At the bottom of thistrough, directors at Vector, Mercury NZ and the chair of Comvita all bought shares on-market as the two-month trading 'black-out' lifted, permitting them to trade shares again.
Mark Lister, head of private wealth research at Craigs Investment Partners, said it is always comforting for investors to see insiders buying shares, but not unusual.
"I'd take that as a good thing, seeing directors put their money where their mouth is," he said.
Tony Carter, who re-joined Vector's board last year after an eight-year absence, doubled his stake in the electricity and gas distributor after he bought 10,000 shares at $3.16 on Monday. The shares ended the day at $3.18, their lowest close in almost two years.

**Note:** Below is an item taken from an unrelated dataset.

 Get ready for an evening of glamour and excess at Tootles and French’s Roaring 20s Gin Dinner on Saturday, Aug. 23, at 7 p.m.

Carter told BusinessDesk he liked to own shares in companies he's involved in and that the purchase was solely because the trading black-out had lifted. Vector reported flat first-half earnings on February 25.

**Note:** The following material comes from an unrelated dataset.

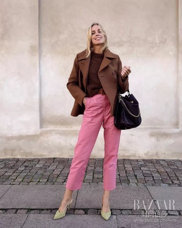 棕色是搭配粉色的安全色里比较特殊的颜色,因为它不属于无色彩颜色,中和效果没那么强,所以它基本是要要遵循“冷棕配冷粉,暖棕配暖粉”法则,像博主穿的就是暖棕与暖粉。

"It is unrelated to any movement in the share price, it is just related to the window being open. Directors have very limited periods where they can buy shares," he said.
"If the shares had gone up, I still would've bought them."

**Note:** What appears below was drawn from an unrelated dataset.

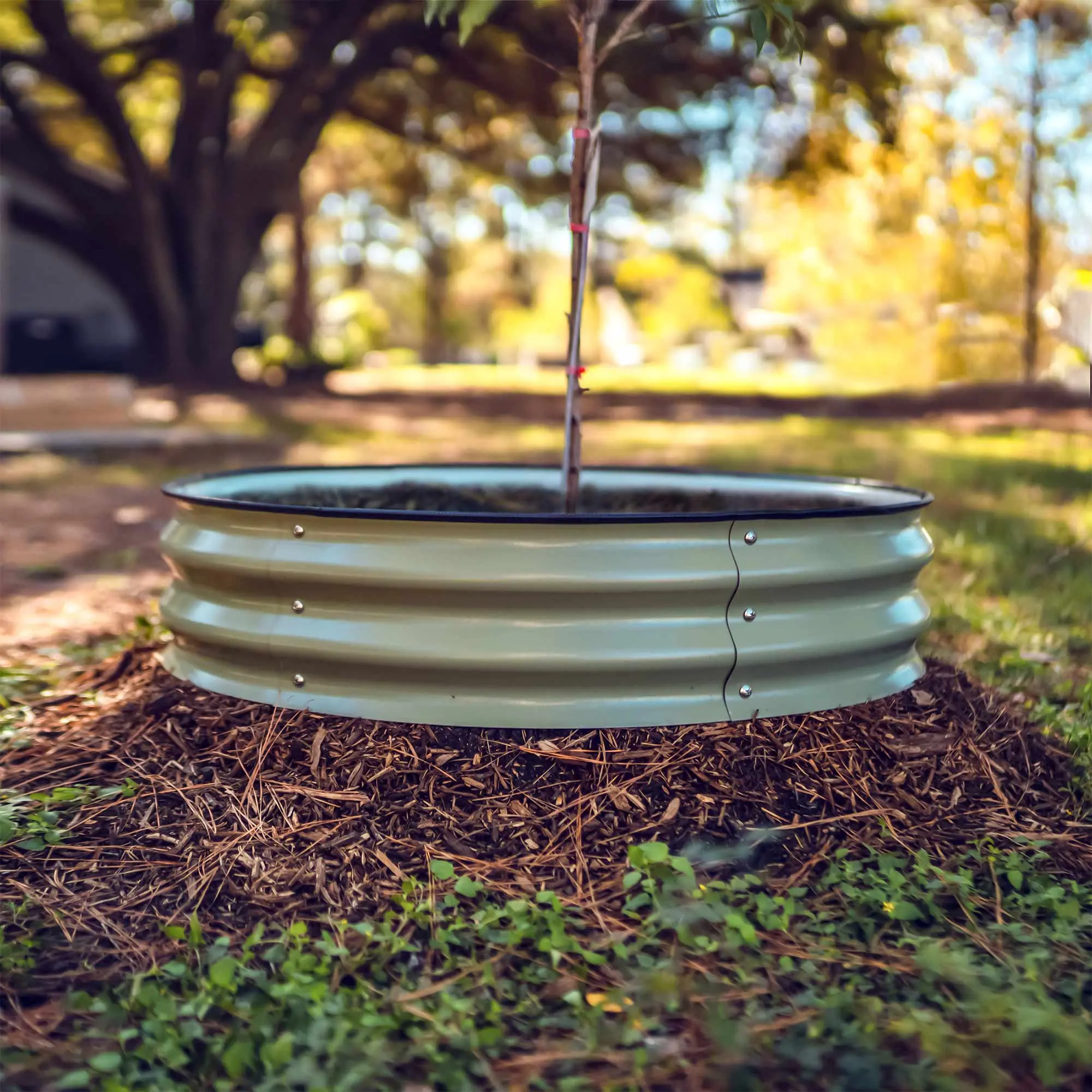 Perfect for containing mulch around the tree. Great landscaping tool to help with moisture retention for fruit trees.

How long it might take for the downturn to pass is an open question - Carter said he was no better positioned to answer that than anyone else, but that his trade wasn't buying the dip.
"There is a process to buy shares in a publicly listed company. You have to seek the consent of the company and that takes a few days," he said. Vector shares have since risen to $3.35.
Comvita chair Brett Hewlett bought 4,500 shares on February 28, the day after the company's self-described "terrible result", where it reported a loss of almost $13 million and announced a raft of changes to its business plan.
Hewlett said his trade wasn't related to market movements and was simply the first opportunity to buy shares.
"Nothing more in it than it being the first trading window we've had," he said.
However, Hewlett said the new business plan and leadership team was creating more optimism about the company's future.
"I think there is a lot of confidence internally and externally around what the company is capable of doing to get back to its profit-making days."
Comvita's share price had already been under pressure but edged slightly higher following the result. It has since fallen to an eight-and-a-half year low $2.17. They were recently at $2.20.
Mercury NZ director Scott St John bought 5,000 shares in the firm on March 2 for $4.58 – the lowest point of its recent 14 per cent slide. The price has since risen to $4.89.
St John said he'd prefer not to comment but noted - like the others - his trade was shortly after the black-out period was lifted.
Mercury reported a 15 percent drop in first-half operating earnings on February 28 and trimmed its full year guidance by $10 million due to dry weather conditions.